If you run that you will notice there isn’t anything vectorized. Good, because vectorization is an optimization, and we didn’t tell gcc we wanted to optimize our program. Vectorization is turned on by default on -O3, but that also triggers a bunch of other optimizations we don’t want right now. Instead we can use “-O2 -ftree-vectorize”. Just as a sanity check, you could compile with -O0 and -O2; for such a simple snippet there shouldn’t be any major differences which could make the assembly harder to understand.

Adding the new flags needed to tell gcc to vectorize:

g++ -O2 -ftree-vectorize -S -c foo.cpp -o /dev/stdout | c++filt

Did you run that? Quite disappointing, isn’t it? Nothing was vectorized. Why? Let’s ask gcc: there’s an option called “-ftree-vectorizer-verbose”. Let’s set it to 7 and see what gcc can tell us about the vectorization pass:

> g++ -O2 -ftree-vectorize -ftree-vectorizer-verbose=7 -S -c foo.cpp -o /dev/stdout | c++filt
vec.cpp:7: note: Alignment of access forced using peeling.
(... A bunch of stuff we don't care about right now ...)
  Calculated minimum iters for profitability: 11

vec.cpp:7: note:   Profitability threshold = 10

vec.cpp:7: note: not vectorized: vectorization not profitable.
vec.cpp:3: note: vectorized 0 loops in function.

That’s interesting information: we’ll talk about peeling later on, that’s important but not right now. What is critical right now is the last message we got for line 7: “vectorization not profitable”.

Using SSE is not free, some special registers in the CPU need to be enabled and then some housekeeping needs to be done to keep them working, so they are not available unless you actually request them. If you will “invest” time into setting SSE up, you want to make sure it eventually pays off. And in this case, for a meager 10-iterations loop, it doesn’t.

To enable vectorization you could increase the number of iterations. GCC also has an option called min-vect-loop-bound, you could probably fiddle around with this to force the vectorization of our example but it’s probably not worth it.

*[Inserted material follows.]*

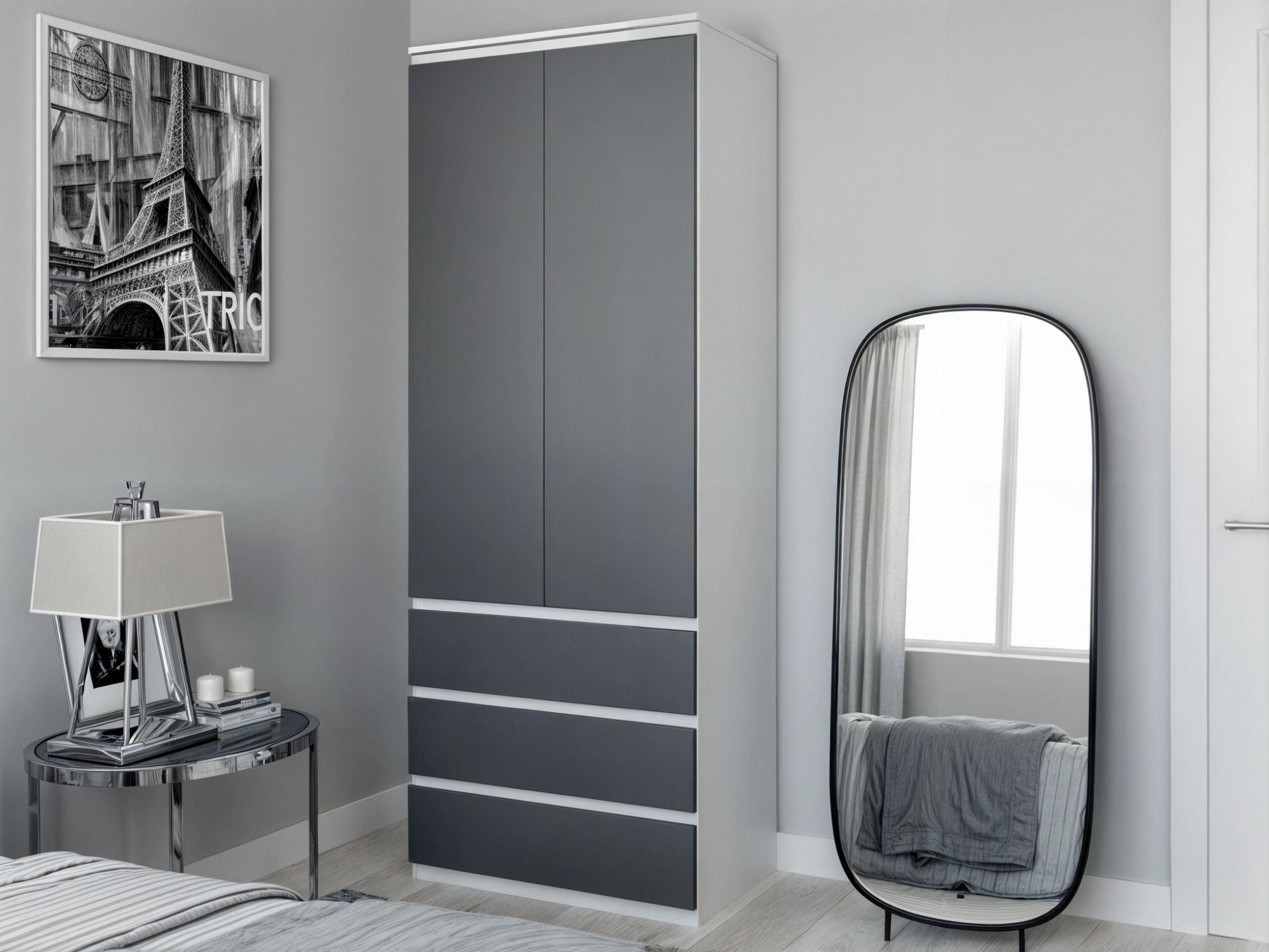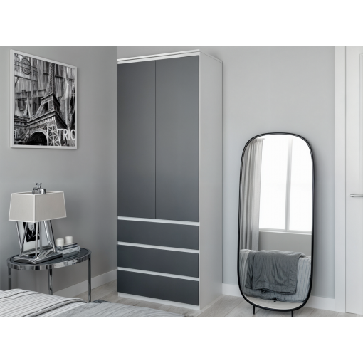Шафа для одягу Tobi Sho T-210 розпашна з полицями та висувними шухлядами, 800х2117х500 мм Білий/Антрацит

Peeking at a vectorized function

If we just compile and check the assembly for the snippet we used before, we’ll have a frankenstein full of assembly. Let’s slightly alter our snipet with a few magic words for now (we’ll see what they mean later on) to get a cleaner assembly, and then we’ll start inspecting that.

#define SIZE (100)

struct Foo { int v[100]; } __attribute__ ((aligned (__BIGGEST_ALIGNMENT__)));
long sum(Foo __restrict__ * v) throw()
{
	long s = 0;
	for (unsigned i=0; i<SIZE; i++) s += v->v[i];
    return s;
}

Unimportant note: __restrict__ is not actually needed here, but until we discuss what that keyword does you should be using it, it will (in most cases) make your assembly much cleaner.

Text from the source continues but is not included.